Required action
Nothing but the pictures is dropped; write out all the remaining data below exactly.

Collected material
+ + + +
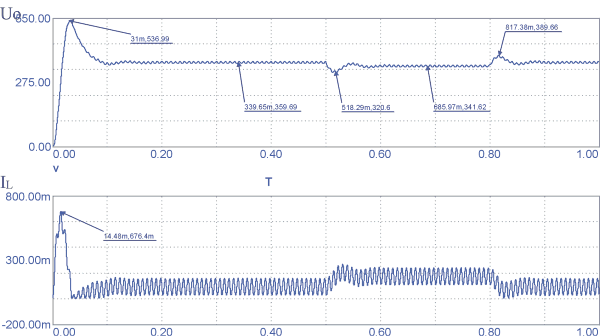 где FL – нижняя рабочая частота усилителя. Как видно из рисунка 14, ток звуковой частоты протекает через выходную емкость источника питания, что требует применения линейных емкостей высокого качества (например, бумажных). Поэтому, выбор оптимальной величины этой емкости существенно влияет на стоимость источника питания. Выбор величины выходной емкости источника питания для двухтактных схем имеет ряд отличий. В двухтактной схеме при идеальной симметрии половин выходного каскада через источник питания протекают только токи четных гармоник и общий постоянный ток выходных ламп, поэтому коэффициент частотных искажений не задается. Это свойство двухтактных каскадов позволяет использовать для выходной емкости фильтра электролитические, высококачественные конденсаторы. Не следует забывать, что в реальных устройствах ассиметрия может достигать 10 ÷ 15 % (даже при подобранных лампах), и часть тока звуковой частоты будет протекать через источник питания. Переходные процессы, возникающие в фильтре при включении источника питания и резких изменениях тока нагрузки, могут привести к перенапряжениям на элементах фильтра и схемы, а также к возникновению экстратоков через выпрямительные диоды. Особенно это характерно для L – фильтров. На рисунке 15 показаны временные диаграммы напряженния на выходе фильтра и тока через дроссель (рисунок 10). Из них видно, что включение источника приводит к кратковременному возрастанию напряжения на выходе выпрямителя на 60 % и броску тока через дроссель, достигающего 0.67А, что может быть опасным для используемых компонентов. На этом же рисунке показана реакция фильтра на скачкообразное изменение (50%) потребляемого тока. Кроме того, что изменение тока нагрузки приводит к провалу и выбросу напряжения на выходе источника питания, переходной процесс носит колебательный характер.
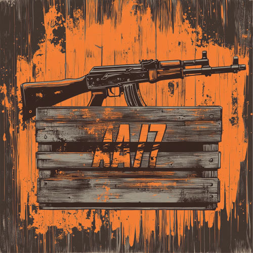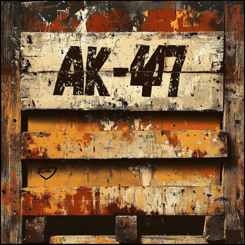 A gritty, artistic depiction of a wooden crate with the text 'AK-47' stenciled on it, inspired by a spray paint aesthetic. The text should be bold and impactful, with a rough, industrial look that includes textures mimicking aged wood and metal. The design should feature warm, rustic tones like browns, oranges, and blacks to enhance the crate's worn and weathered appearance. Spray paint splatters and drips around the text should add to the overall grunge feel. The composition should evoke a sense of ruggedness and durability, perfect for a striking visual impression.
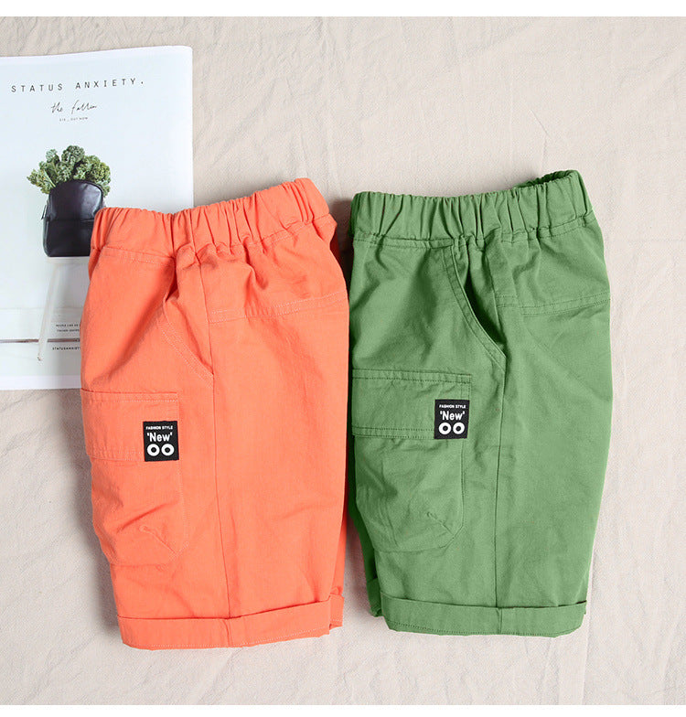 Solid Color Boy's Thin Loose Cropped Cargo Trousers
+ + + +
Worked solution
 где FL – нижняя рабочая частота усилителя. Как видно из рисунка 14, ток звуковой частоты протекает через выходную емкость источника питания, что требует применения линейных емкостей высокого качества (например, бумажных). Поэтому, выбор оптимальной величины этой емкости существенно влияет на стоимость источника питания. Выбор величины выходной емкости источника питания для двухтактных схем имеет ряд отличий. В двухтактной схеме при идеальной симметрии половин выходного каскада через источник питания протекают только токи четных гармоник и общий постоянный ток выходных ламп, поэтому коэффициент частотных искажений не задается. Это свойство двухтактных каскадов позволяет использовать для выходной емкости фильтра электролитические, высококачественные конденсаторы. Не следует забывать, что в реальных устройствах ассиметрия может достигать 10 ÷ 15 % (даже при подобранных лампах), и часть тока звуковой частоты будет протекать через источник питания. Переходные процессы, возникающие в фильтре при включении источника питания и резких изменениях тока нагрузки, могут привести к перенапряжениям на элементах фильтра и схемы, а также к возникновению экстратоков через выпрямительные диоды. Особенно это характерно для L – фильтров. На рисунке 15 показаны временные диаграммы напряженния на выходе фильтра и тока через дроссель (рисунок 10). Из них видно, что включение источника приводит к кратковременному возрастанию напряжения на выходе выпрямителя на 60 % и броску тока через дроссель, достигающего 0.67А, что может быть опасным для используемых компонентов. На этом же рисунке показана реакция фильтра на скачкообразное изменение (50%) потребляемого тока. Кроме того, что изменение тока нагрузки приводит к провалу и выбросу напряжения на выходе источника питания, переходной процесс носит колебательный характер.
 A gritty, artistic depiction of a wooden crate with the text 'AK-47' stenciled on it, inspired by a spray paint aesthetic. The text should be bold and impactful, with a rough, industrial look that includes textures mimicking aged wood and metal. The design should feature warm, rustic tones like browns, oranges, and blacks to enhance the crate's worn and weathered appearance. Spray paint splatters and drips around the text should add to the overall grunge feel. The composition should evoke a sense of ruggedness and durability, perfect for a striking visual impression.
 Solid Color Boy's Thin Loose Cropped Cargo Trousers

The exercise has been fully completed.